Не нравился мне этот полковник Лунде. Правда, я жалел его, как жалел бы любого другого человека, попавшего в беду.
— Я буду платить столько, сколько вы скажете. Я согласен платить вам большие деньги.
— Что значит «большие»? — спросил я. Должен признаться, что мне все же было немного стыдно.
— Пятьсот крон в месяц, — сказал он. — Плюс довольствие и жилье. Да. Потому что очень важно, чтобы вы жили здесь.
Пятьсот крон. Тут я вдруг впервые по-настоящему пожалел полковника Лунде. До такой степени он был несносен и невыносимо старомоден — истинный представитель уходящего поколения.
— Я буду с вами откровенен, доцент Бакке…
Я понял, что меня с места в карьер произвели в сержанты.
— Вы ведь были замешаны в истории с убийством, не так ли?
Меня снова охватило раздражение — как накануне, когда Люси задала мне тот же самый вопрос. Я ничего не ответил.
— Я буду с вами совершенно откровенен, доцент Бакке. И надеюсь, то, что я скажу, останется между нами. Я больше не хочу иметь дело с полицией. То, что вы будете готовить Викторию к экзаменам и для этого поселитесь здесь, это… это официальная версия. Истинная же причина, по которой я прошу вас жить у меня, такова: я хочу, чтобы вы присматривали за моей дочерью. Виктория тревожит меня.
Навряд ли полковник Лунде разбирался в людях.
Однако он весьма искусно соблазнил меня приманкой, против которой я не мог устоять. Приманкой, которая возбудила мое проклятое любопытство, Мне следовало бы родиться во времена рыцарства, тогда я с утра до вечера разъезжал бы на белом коне, охраняя девиц от разных неведомых опасностей.
Но тут было не только любопытство. Ведь я собственными глазами минувшим вечером видел маленькую фрёкен Лунде и знал, что с ней пытались сделать. И мне нравилась Виктория с ее темной челкой над умным худеньким личиком — тоненькая, дурно одетая и невзлюбившая свою мачеху Виктория. Девушка, которой можно было приказать сделать книксен и идти мыть посуду.
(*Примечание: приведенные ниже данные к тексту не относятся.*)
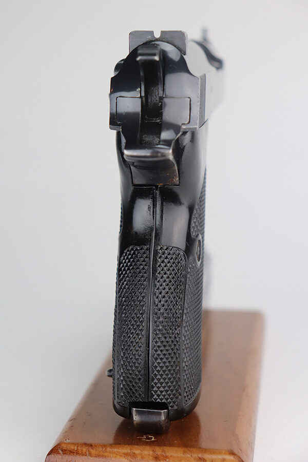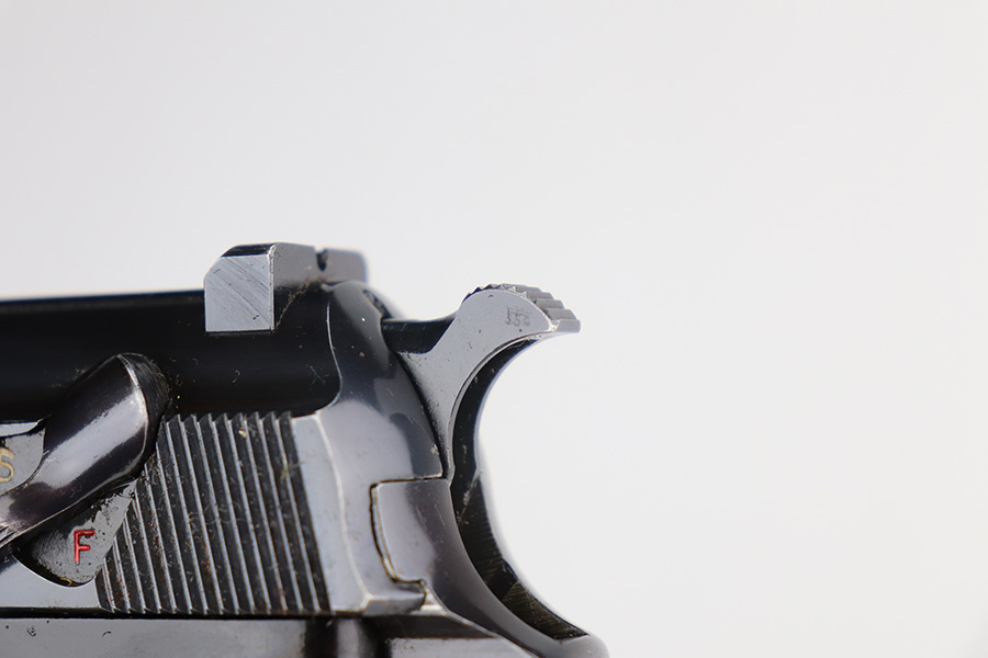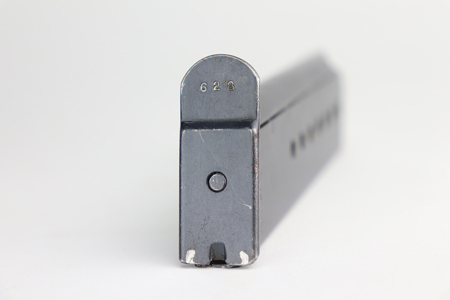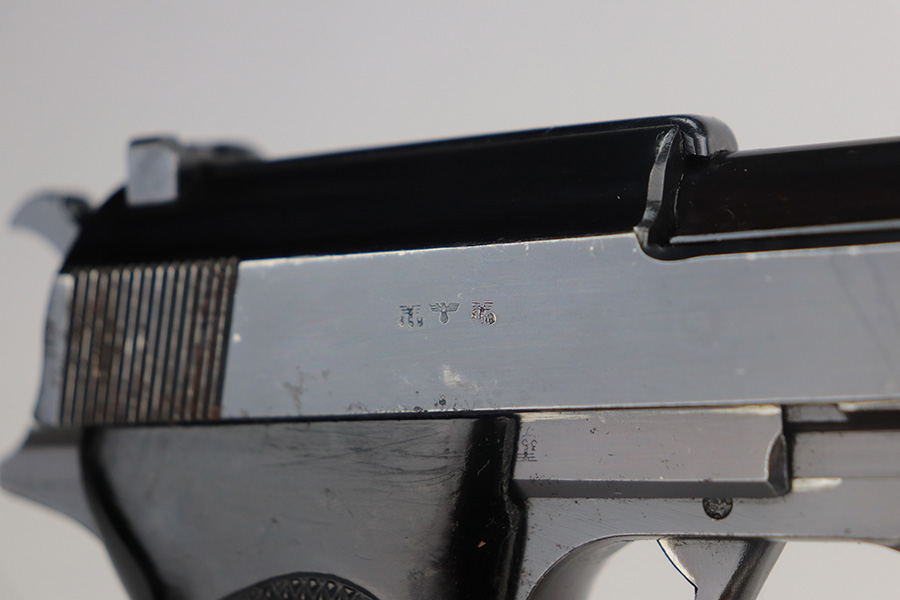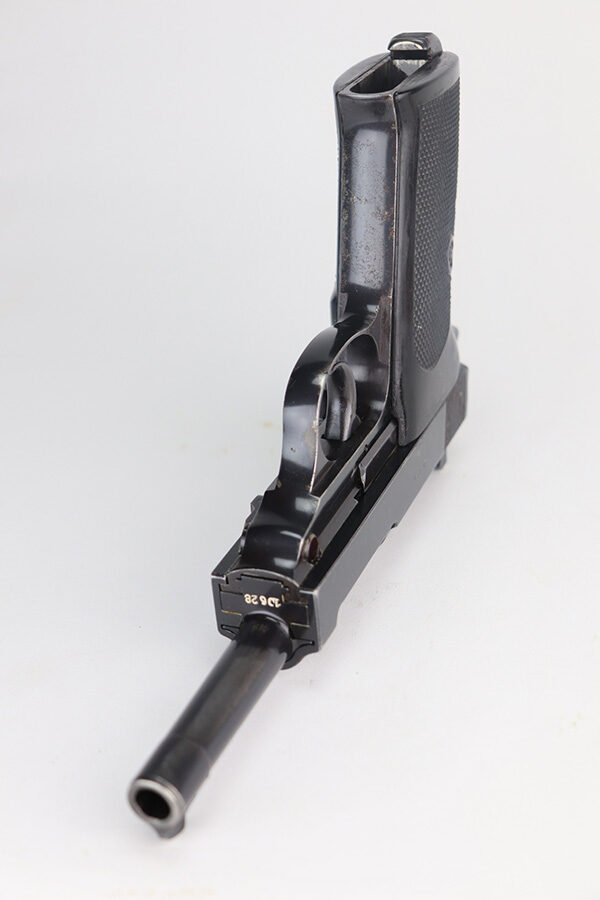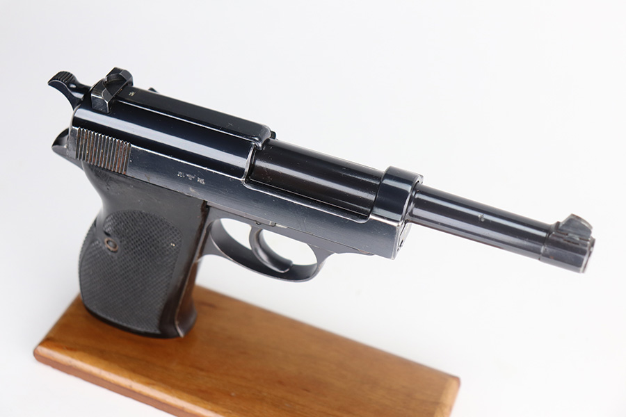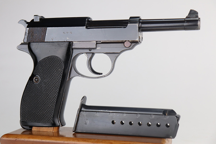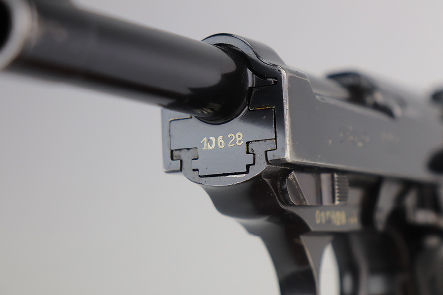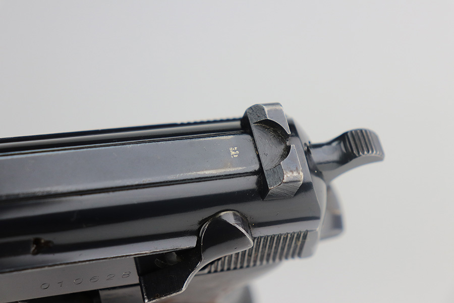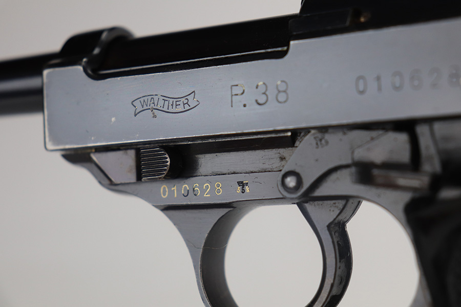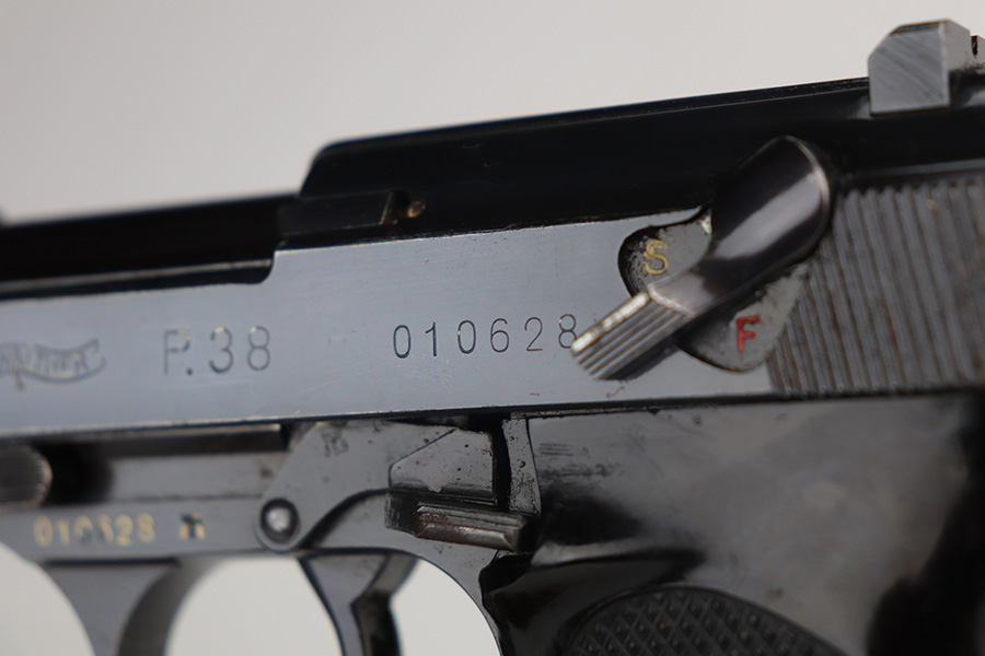 5/25/21 – This is an excellent example of an early, third variation Zero Series Walther P.38 issued to the Nazi military in 1940. The gun is all matching and has the proper “Eagle 359” military proofs throughout, even on the small parts. It has retained about 94-95% of its original high polish bluing. There is minor wear on the high edges of the slide and around the muzzle. There are some handling marks on both sides of the slide. There are areas of pitting on the right side of the slide and on the front strap. Comes with nice matching grips (some light scratches) and a matching magazine that we believe is not original to the gun. Very nice bore with strong rifling and minor freckling in the grooves. De-cocker is a little stiff but functional.

Была еще одна причина — более веская, чем мое врожденное любопытство. Дело в том, что я вдруг поверил в искренность полковника Лунде, И мне было не по себе от мысли, что Виктории угрожает опасность.
Даже очень не по себе.
— Я принимаю ваше предложение, — сказал я — Мне полагается в школе полугодовой отпуск. Но сначала мне надо уладить кое-какие дела. После этого я могу приступить к своим обязанностям, Когда мне явиться?
Темные глаза на сухом смуглом лице были устремлены прямо на меня. Я пытался прочесть, что в них было написано. И я не мог прочесть ничего, кроме облегчения.
— Приходите сегодня вечером, доцент Бакке.
Меня произвели в адъютанты.
Было не больше десяти часов утра.
Я сидел у себя в комнате. Передо мной на письменном столе лежала телефонная книга.
Я должен был найти каменотеса. Того самого каменотеса, который высек надпись на надгробии Виктории Лунде.
Телефонная книга была раскрыта на списке учреждений и фирм, и я изучал графу «Каменоломни, каменотесы—шлифовка и экспорт камня». В подзаголовке указывалось: «Смотри также: Надгробные памятники». Я был уверен, что я на правильном пути. Люси сказала: звонил каменотес. А раз так, его фамилия должна значиться в этом списке.
Я был в цейтноте. Ведь я отлично знал, что предпримет уголовная полиция города Осло. Она предпримет в точности то же самое: начнет искать каменотеса. Но уголовная полиция будет действовать дотошно, педантично, а я — нет.
Я не знал, скольких людей Карл-Юрген Халл отрядил для этой работы, я мог только предполагать. Два человека — быть может, три. Я надеялся, что не больше двух. Тогда они поделят соответствующую графу в телефонной книге на две части — точно посередине, — и каждый станет прочесывать свой список.